Vorstandsmitglied Ataul Haque hält einen Vortrag an der 35. Jahresversammlung der Ahmadiyya Muslim Jamaat. (Bild: Christoph Heer)

Willkommen war einfach jeder. Ob Christen, Protestanten, Buddhisten oder Atheisten, die Organisatoren der Versammlung Jalsa Salana hiessen schon bei der Eingangskontrolle jedermann und jede Frau willkommen. An den drei Tagen über das Wochenende fand rund um die Nuur-Moschee die 35. Hauptversammlung der Ahmadiyya Muslim Jamaat Schweiz statt; rund 700 Gläubige aus der ganzen Schweiz nahmen daran teil.

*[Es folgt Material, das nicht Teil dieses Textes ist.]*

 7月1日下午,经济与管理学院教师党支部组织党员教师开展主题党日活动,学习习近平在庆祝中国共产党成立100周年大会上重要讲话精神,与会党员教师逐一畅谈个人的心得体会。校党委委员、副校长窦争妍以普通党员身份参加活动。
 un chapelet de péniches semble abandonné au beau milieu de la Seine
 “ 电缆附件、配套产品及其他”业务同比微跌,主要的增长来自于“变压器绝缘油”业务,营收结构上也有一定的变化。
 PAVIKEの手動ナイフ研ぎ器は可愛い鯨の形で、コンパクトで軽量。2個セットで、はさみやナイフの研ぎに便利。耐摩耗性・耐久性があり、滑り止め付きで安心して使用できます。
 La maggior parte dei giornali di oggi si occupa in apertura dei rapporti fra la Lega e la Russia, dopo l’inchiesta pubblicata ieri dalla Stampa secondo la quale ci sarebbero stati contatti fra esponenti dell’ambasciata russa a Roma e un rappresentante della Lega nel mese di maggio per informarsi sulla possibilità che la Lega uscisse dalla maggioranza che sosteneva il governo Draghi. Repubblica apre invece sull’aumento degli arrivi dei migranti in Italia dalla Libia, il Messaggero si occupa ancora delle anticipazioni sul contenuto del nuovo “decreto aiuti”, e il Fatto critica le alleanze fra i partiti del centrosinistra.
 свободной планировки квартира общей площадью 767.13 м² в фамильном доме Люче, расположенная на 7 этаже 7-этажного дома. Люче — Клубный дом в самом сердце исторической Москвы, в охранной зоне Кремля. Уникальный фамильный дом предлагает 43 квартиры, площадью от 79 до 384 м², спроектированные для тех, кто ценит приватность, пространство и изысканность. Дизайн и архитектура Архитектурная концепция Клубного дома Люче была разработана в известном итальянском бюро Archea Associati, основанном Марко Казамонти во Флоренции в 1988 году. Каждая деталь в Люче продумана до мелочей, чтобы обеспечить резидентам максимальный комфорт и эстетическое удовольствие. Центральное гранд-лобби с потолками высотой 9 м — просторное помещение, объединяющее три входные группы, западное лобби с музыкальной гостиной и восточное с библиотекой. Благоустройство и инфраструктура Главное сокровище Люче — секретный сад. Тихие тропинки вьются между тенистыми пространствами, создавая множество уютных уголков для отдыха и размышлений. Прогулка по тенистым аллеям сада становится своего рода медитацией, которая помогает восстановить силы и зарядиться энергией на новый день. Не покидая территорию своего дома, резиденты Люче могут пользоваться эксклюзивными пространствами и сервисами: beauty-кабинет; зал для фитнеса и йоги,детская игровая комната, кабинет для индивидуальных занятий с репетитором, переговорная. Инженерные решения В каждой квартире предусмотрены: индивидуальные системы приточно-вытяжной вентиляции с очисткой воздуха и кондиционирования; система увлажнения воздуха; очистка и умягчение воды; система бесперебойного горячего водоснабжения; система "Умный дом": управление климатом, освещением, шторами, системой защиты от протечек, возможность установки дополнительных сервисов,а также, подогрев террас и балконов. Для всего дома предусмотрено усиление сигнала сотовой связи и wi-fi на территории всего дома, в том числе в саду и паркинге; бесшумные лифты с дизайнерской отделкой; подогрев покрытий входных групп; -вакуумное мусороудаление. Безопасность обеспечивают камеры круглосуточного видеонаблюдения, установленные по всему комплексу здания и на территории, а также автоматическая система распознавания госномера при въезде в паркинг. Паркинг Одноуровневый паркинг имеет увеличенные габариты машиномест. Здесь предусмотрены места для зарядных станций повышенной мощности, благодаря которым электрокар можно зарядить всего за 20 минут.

Ataul Haque, Vorstandsmitglied der Ahmadiyya Muslim Jamaat Schweiz, betonte, dass die Freude wiederkehrend gross ist, wenn er Lokalpolitiker, Pfarrer, Nachbarn und andere Interessierte am Anlass begrüssen kann. «Diese Versammlung findet schon seit einigen Jahren hier statt, umso schöner, dass wir immer wieder Besucher aus den verschiedensten Kreisen bei uns haben dürfen.»

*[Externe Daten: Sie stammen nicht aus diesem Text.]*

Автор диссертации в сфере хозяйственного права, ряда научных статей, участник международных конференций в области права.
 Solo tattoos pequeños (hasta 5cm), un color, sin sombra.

Viel Wohlwollen, aber kein Applaus

Die Gastfreundschaft der Muslime genoss auch die Wigoltinger Gemeindepräsidentin Sonja Wiesmann. Sie liess es sich nicht nehmen, ihren Dank mit einer kurzen Grussbotschaft zu übergeben. «Man spürt, dass es hier ein fester Bestandteil ist, Gäste einzuladen und dadurch Brücken bauen zu können zwischen den verschiedenen Kulturen. Heute ist es ein sehr gutes Beispiel dafür, denn wir stehen miteinander und gemeinsam hier.» Die Worte der Gemeindepräsidentin wurden wohlwollend aufgenommen – auf Applaus wird in den Kreisen der Muslime verzichtet. Für Ataul Haque ist es wichtig, ein Umfeld der Liebe und der Toleranz zu schaffen. «Unsere Versammlung steht absolut im Zeichen der Spiritualität und der Begegnung. Politik hat hier nur wenig Platz.»

Von Freitag bis Sonntag fanden zahlreiche Vorträge, eine in diesem Jahr spezielle Islamausstellung, Sonderveranstaltungen und Gebete statt; das Motto «Liebe für alle, Hass für keinen» wurde dabei eindrücklich vorgelebt.